The profits have shown an upward trend both at the operational and net level. In 2007 the net profit grew
by 89% over the previous year and the profit margins improved from 24% in 2006 to 26% in 2007. In
2008 the net profit grew by 94% over that of 2007 and the profit margins also improved to 34%. As
discussed already the surge in the profilts is mainly due to the growth in bank loan and corporate ratings
over the 2 years.

Dividend payments
The payment of final dividend was Rs. 35 per share for the year 2008. During the year, CRISIL Limited
paid two interim dividends in July 2008 and October 2008 of Rs. 10 per share and Rs. 25 per share
respectively; in total, therefore, the dividend paid by the company for 2008 is Rs. 70 per share as against
Rs. 25 per share in the year 2007. It was only Rs.15 per share in 2006. There is an upward trend in the
dividend payments and it is as high as 750% when compared to previous years.

Networth
The stated networth and the tangible networth for the three years are as follows
2006 2007 2008
Stated NW( in Crores) 165.99 268.21 346.41
Tangible NW( in crores) 48.38 98.368 181.84

In order to be conservative the tangible networth is calculated by knocking off the following
• Investments
• Deferred tax assets
• Advance tax
• Loans to CRISIL Risk and Infrastructure solutions
• Provisions
• Capital work-in-progress
So the net worth is positive and growing over years.

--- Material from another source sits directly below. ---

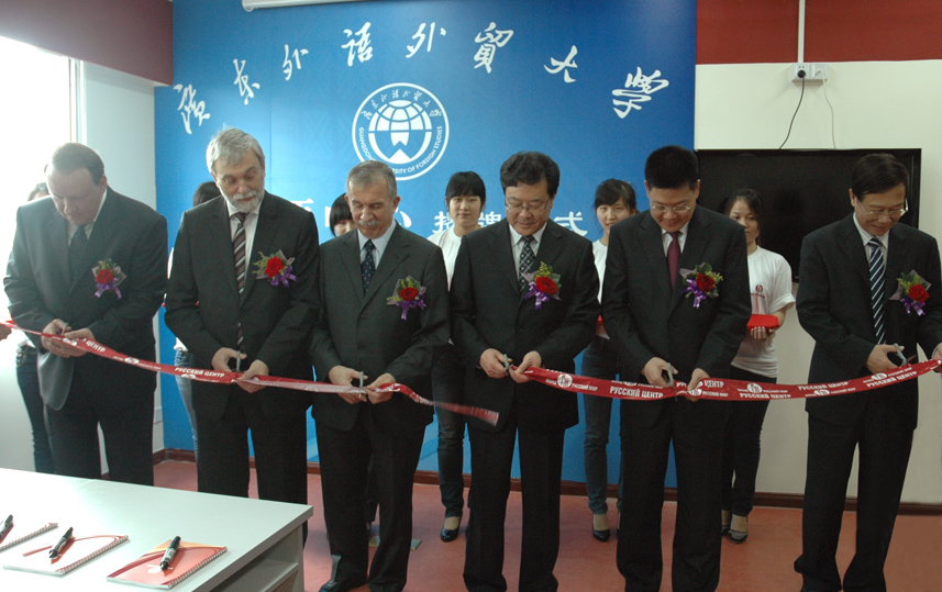 日上午,广东外语外贸大学俄语中心揭牌仪式在北校区隆重举行,华南地区首家俄语中心落户广外。俄罗斯总统助理奥列格·亚历山大·马尔科夫、俄罗斯驻广州总领事梅德韦杰夫、俄语世界基金会副执行总裁伊斯特拉托夫、俄语世界基金会亚非地区项目经理多拉拉亚、俄语世界基金俄语中心工作保障部主任谢尔盖伊切夫、广东省教育厅副厅长魏中林、我校校长仲伟合、副书记陈建平、副校长方凡泉等出席了此次揭牌仪式。揭牌仪式由方凡泉主持。 据悉,广外俄语中心由俄罗斯“俄语世界”基金会出资建设,以图书馆和多媒体中心形式运作。俄方赠送的藏书类型包括文化艺术、科学教育、语言、历史、社会和现代俄罗斯等;多媒体应用包括俄文网络资源、教学录像、电影等。广外俄语中心旨在推广俄语语言、俄罗斯文学和艺术,为华南地区的俄语教学、科研提供支持和帮助,促进中俄文化、教育和学术的交流。

This is a favorable sign for the banker.

Current liabilities
Among the sundry creditors the company has no amounts due to any micro/ small/medium enterprises as
defined under sec 7(1) of micro, small and medium enterprise development act 2006. From 2006 to 2007
the sundry creditor’s amount went up by 109%. The fees received in advance went up by 78.12% in 2008
when compared to other liabilities. The other liabilities have increased marginally. On the whole there is
an upward trend in current liabilities
Assets
From 2006-2008 the major fixed assets acquired were computers, leasehold improvements to support
expansion of business. The fixed assets include buildings, furniture, office equipments, computers,
vehicles and leasehold improvements with the buildings and computers amounting to 60% of the total
fixed assets. The intangible assets include goodwill, trademark and copyrights

Investments
More than 90% of the long term investments made are in the subsidiaries. A major proportion of the long
term investment is in the equity shares of Irevna Ltd. The current investments amount to more than 50%
of total investments. The company’s short term surplus funds are invested in money market mutual funds,
fixed maturity plans and fixed deposits with the bank. From 2006-2007 the investments in mutual funds
went up by 165.33%

Current assets
The unsecured doubtful debts are constantly increasing from 2006. In 2008 the doubtful debts went up by
287% from 0.56 crores to 2.19 crores. All the debts are unsecured in nature. The other debts also rose
from 2006. The sundry debtors amount went up by 165.8% from 25.5 crores in 2006 to 67.82 crores in
2007. It went upto 80.3 crores in 2008. Debtors as a percentage of operating revenue increased from 17%
in 2006 to 27% in 2007 mainly on account of merger of subsidiaries and it improved to 21% in 2008
mainly due to the collection efforts.
In case of the bank balances the balance in the deposit accounts increased in the year 2008 over the
previous years. Loans and advances comprise of loans to staffs, advances recoverable in cash or kind and
sundry deposits. The sundry deposits also have seen a sharp increase since 2006.

Effective tax rates


The effective tax rates have reduced since 2006. In 2006 the rate was 40.5% and it came down to 21.5 %
in 2008. The taxable income is showing a upward trend.